En tant que freelance, c’est souvent plus facile de concilier vie familiale et vie professionnelle, puisque c’est vous qui choisissez le nombre d’heures où vous allez travailler, combien de projet vous allez vous allouer. Pour les montants des contrats, c’est variable : on peut s’attendre à multiplier son salaire par 1,5 à 2 selon l’activité et la période. Pour les prestations, on peut offrir monitoring, TEC, soumission réglementaire, chef de projet, etc.
Cas spécifiques en recherche clinique et exigence documentaire
Dans le cadre d'un contrat de freelance pour des prestations de recherche clinique, il existe des spécificités : pour les prestations supérieures à 3 000 €, le client doit demander l'attestation de vigilance. Pour les transferts de matériel et la mise à disposition d’équipements scientifiques, il existe des contrats dédiés : MTA (Material Transfer Agreement) pour le transfert de matériel de recherche tangible et MDA pour la mise à disposition d’appareils. Le contrat définit les modalités d’envoi, d’utilisation, la propriété du matériel et la propriété des résultats obtenus avec le matériel.
Le contrat de collaboration scientifique vise à cadrer une collaboration scientifique et technique entre un laboratoire et un partenaire (académique ou privé) qui mettent en commun des connaissances et des moyens en vue d’obtenir des résultats nouveaux. L'accord-cadre établit les règles générales et les modalités de leur partenariat (confidentialité, exploitation des résultats, propriété des résultats, etc.) afin de faciliter la mise en œuvre de nouveaux projets.

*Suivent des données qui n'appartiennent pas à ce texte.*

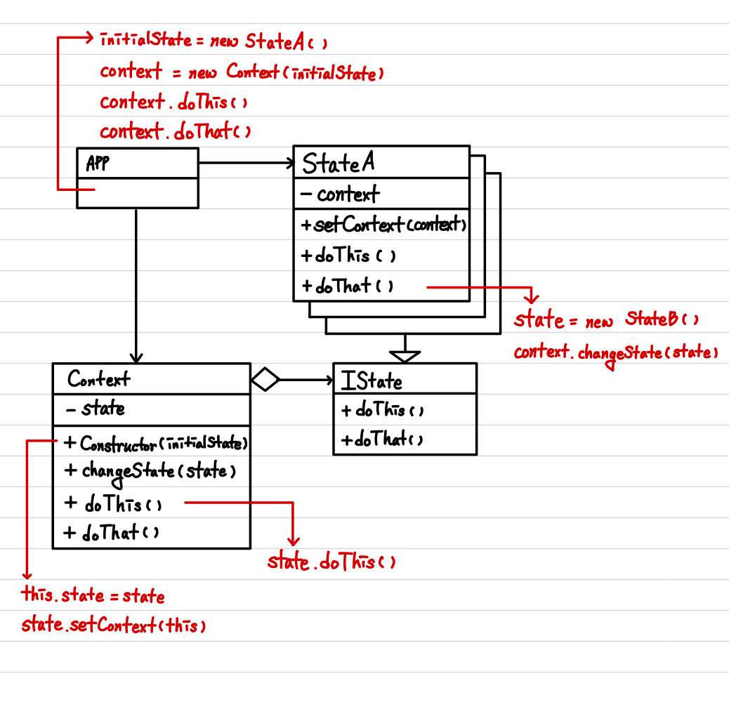 구현 시에는 각 State를 별도의 Class로 분리하고, 그 내부에서 변경되는 method를 직접 구현하도록 합니다. 따라서, 실제 state를 포함한 원본 class는 이 state에 정의된 method를 호출하도록 할 수 있습니다.

Structures de coopération en recherche
- Laboratoire commun : collaboration de grande envergure d'une durée minimale de 4 ans, gouvernance conjointe et engagements partagés.
- Groupement d'intérêt scientifique (GIS) : contrat de coopération juridique pour mutualiser compétences et ressources au service de projets communs.
Pour aller plus loin, téléchargez des guides pratiques du chercheur vers la recherche partenariale et sollicitez l’accompagnement d’experts (SATT, services partenariat) pour sécuriser vos collaborations.
FAQ rapide
- Qu’est-ce qu’un contrat de freelance ? Un accord écrit ou verbal par lequel une entreprise ou un particulier mandate un professionnel indépendant pour une mission définie, sans lien de subordination.
- Comment est payé un freelance ? Le plus fréquemment : au TJM (taux journalier moyen), au forfait pour le projet ou à la prestation, paiement à terme ou échelonné selon l’accord.
- Peut-on travailler en freelance et salarié ? Oui, à condition de vérifier l’absence de clause d’exclusivité et la compatibilité des deux activités.
- Faut-il un devis ? Un coût de prestation supérieur à 100 euros oblige le freelance à élaborer un devis pour le client.
Dans le cadre d'une mission, il est préférable de bien détailler les obligations du freelance dans le contrat de prestation de services afin d'éviter de voir sa responsabilité engagée. Il existe une variété de secteurs d’activité permettant le travail en freelance, c’est la raison pour laquelle il n’existe pas un seul modèle de contrat. En définitive, un contrat de freelance doit être conclu en adéquation avec la mission effectuée par le freelance, afin d’encadrer au mieux les modalités de sa prestation.